Friday, November 3, 2017

The Chemical Balance Myth

I recently read the August 7, 2017 Time cover story "The Anti Antidepressant." It talks of possible "new" innovations in psychopharmacology. It's hardly new Ketamine, MDMA, and other medications have been researched in the past. Often street (ab)use, led to discontinuing the research in medications like this.
This latest article does a fine job of describing the (Western) understanding of depression. It also does a poor job of updating the understanding that's come in the last 40 years. The brain in "chemical imbalance" model of understanding and treating depression was outdated by the time it was used to help portray to clients the usefulness of SSRI in treatment. It's not that it's totally incorrect -- it's incomplete. The latest Time article does at least note that the latest understanding acknowledges the likelihood that depression is perhaps a dozen plus conditions. It still, however, perpetuates the perspective that depression lives solely in the brain.

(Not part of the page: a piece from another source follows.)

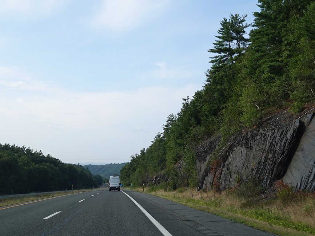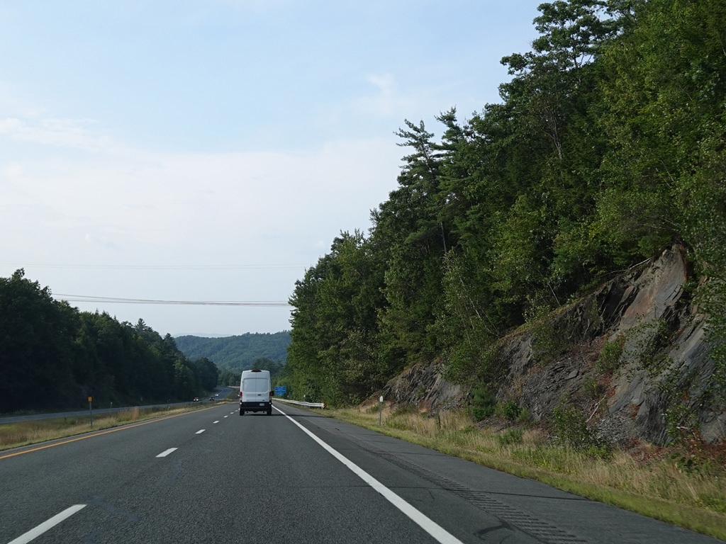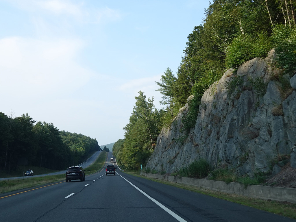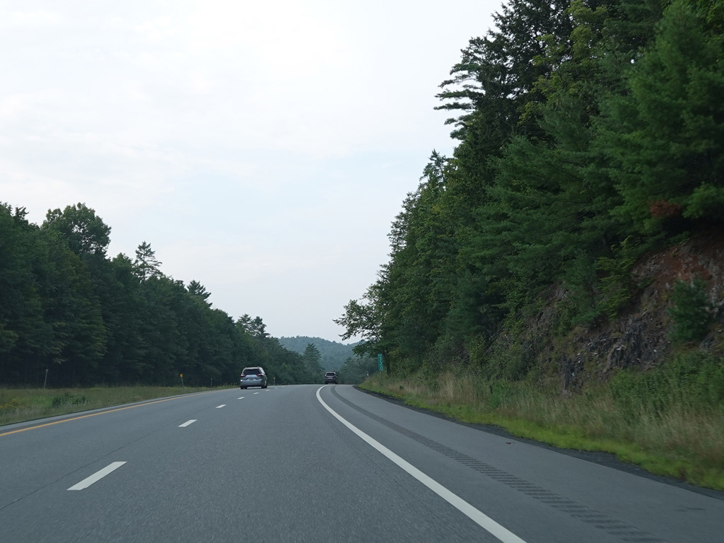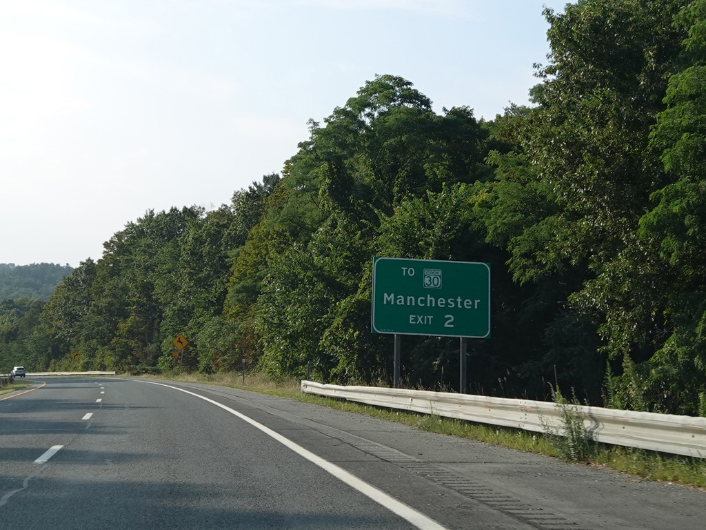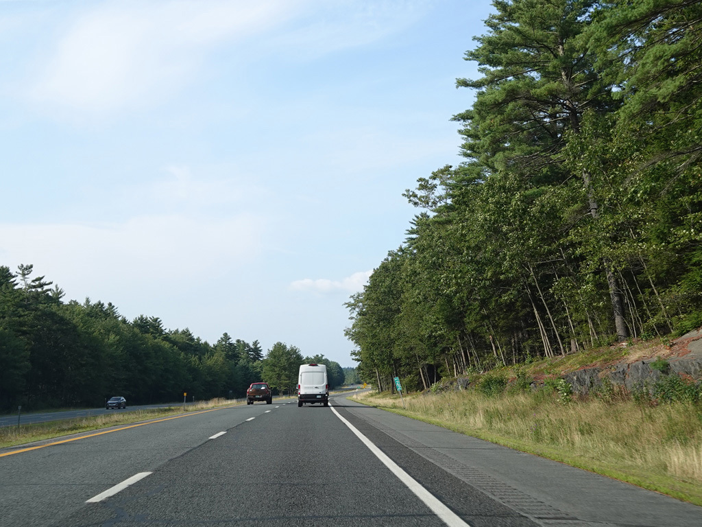 There are no exits for the first few miles in the state. There is signage in this area for various state laws, such as those on seatbelts, drunk driving, and cell phone use.

Depression may be demonstrated through low serotonin, dopamine, or other neurotransmitters. Recent researchers, though, see a multidimensional, physiological syndromes that explain the depressive experience. There is a shift in how the anatomical areas of the brain metabolize and send impulses (a neurological and circuit based disease.) Not only do certain genes show links to depression, but whether those genes have been turned on or off in a person's lifetime (a genetic and epigenetic disease.) The genes con
trol how hormones are replicated and how sensitive our body is to these hormones (an endocrine disease.) These hormonal interactions inflame our tissues - a disease of inflammation. These are all parts of depression - it is not only seen in the brain, not only felt in the brain.
Depression impacts our sleep, appetite and metabolism, our sense of energy, our ability to concentrate. It impacts relationships in the family and in the community - a person's participation in the call and response of human connection.
I hope that clinicians find one more effective treatment of depression. I regularly tell my clients and colleagues (with a touch of facetiousness) "No business is good business." My sense of this comes with the belief that counseling is only one vehicle to address depression. Often, it's the job of therapist to connect people to more meaningful interventions, more resolute solutions to managing mood: Healthy relationships, healthy lifestyles, communities, friends, exercise, greater sense of connection to the world and to people, a sense of meaning, a remembrance of one's fortitude and internal resources. Because depression does not simply live in the brain. Treatment can start in the brain, in relationships, and in physiology. It does not end there.